Imagínese usted que alguien le dice, “Soy el Hijo de Dios, el Mesías, pero no se lo digas a nadie”. Así también la Virgen cuando escuchó que quedaría grávida, encinta, al ser cubierta por la nube de Yahvé, de la misma manera que en el desierto Moisés y los hebreos vieron a Dios como una nube que iba delante de ellos.
Y entonces pasa el tiempo, las semanas y semanas (el 25 de marzo celebramos el anuncio del ángel, saque usted la cuenta) y María ve que le crece el vientre. Podemos rezar con ella, mirar con ella, tener la fe de ella. Es la fe fundamental, la que no va ciega por los dogmas en la cabeza o por ideas preconcebidas. Es la que mira y se maravilla. Es la que, para maravillarse, duda y contempla.

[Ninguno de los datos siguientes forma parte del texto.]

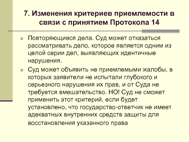 Слайд 107. Изменения критериев приемлемости в связи с принятием Протокола 14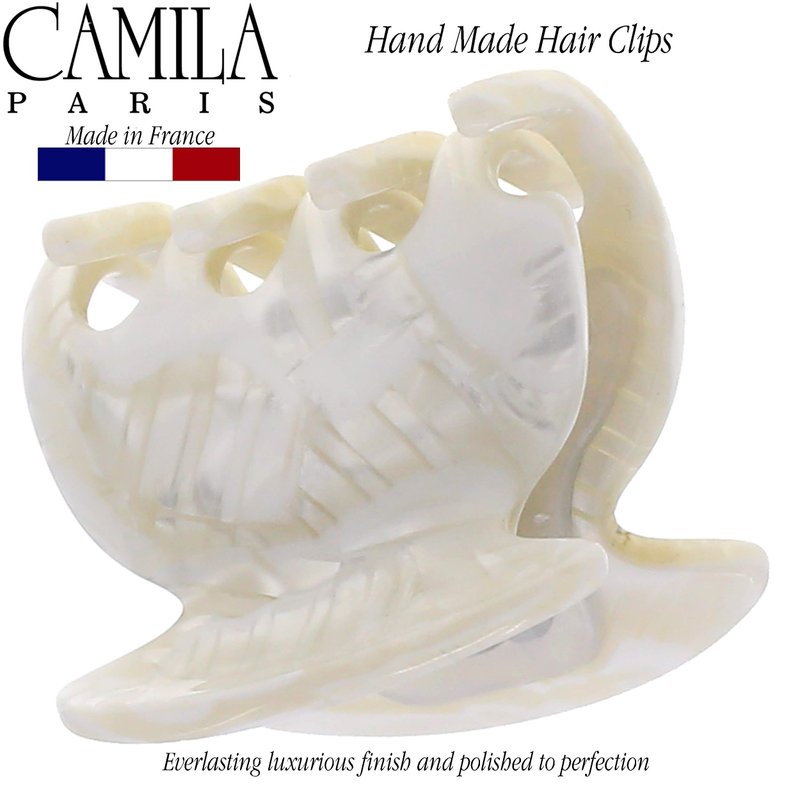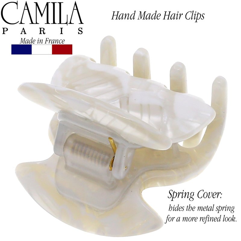Camila Paris CP3158 French Hair Clip for Women, Handmade, White, Small Girls Hair Claw Clips Jaw, Durable Styling Hair Accessories for Women, Strong Hold No Slip Grip, Made in France

Por eso, en la tradición se venera en Adviento la advocación de la “Virgen de la O”, la Virgen encinta. Los padres del décimo concilio de Toledo (656) instituyeron la fiesta que se llamó muy pronto de la Expectación del Parto, y que debía celebrarse ocho días antes de la solemnidad natalicia de nuestro Redentor, o sea el 18 de diciembre. (Datos del sitio Mercaba.org) Santa Teresita del Niño de Jesús tuvo una particular devoción por esta invocación, toda vez que se encontró que tenía siempre en su mesita de noche una figurita de esta Virgen.

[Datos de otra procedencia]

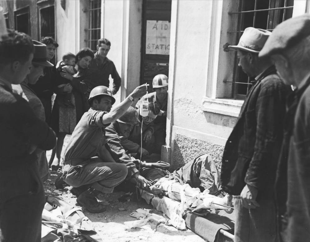 Early in the day the battalion aid station had moved to Mo. Dozzone, southeast of Mt. Pigna. From here they handled the large number of casualties of the day over a litter haul of three difficult miles. Prisoners were used to carry many of the litters because of the shortage of litter bearers.

Se le conoce como “Virgen de la O” por las antífonas “O” de las vísperas de las ferias de Adviento en la octava del 17 de diciembre en adelante, que precede la fiesta del día 25. Cada tarde en la vísperas la antífona del canto evangélico del Magnificat se da una exclamación de esperanza en la venida final del Señor: Oh Sabiduría, Oh Llave de David, y así sucesivamente. La Virgen de la O también se le conoce como Nuestra Señora de la Esperanza. En Sevilla hay varias cofradías a su nombre.
Ya en su espera para el parto María contemplaba y guardaba estas cosas en su corazón.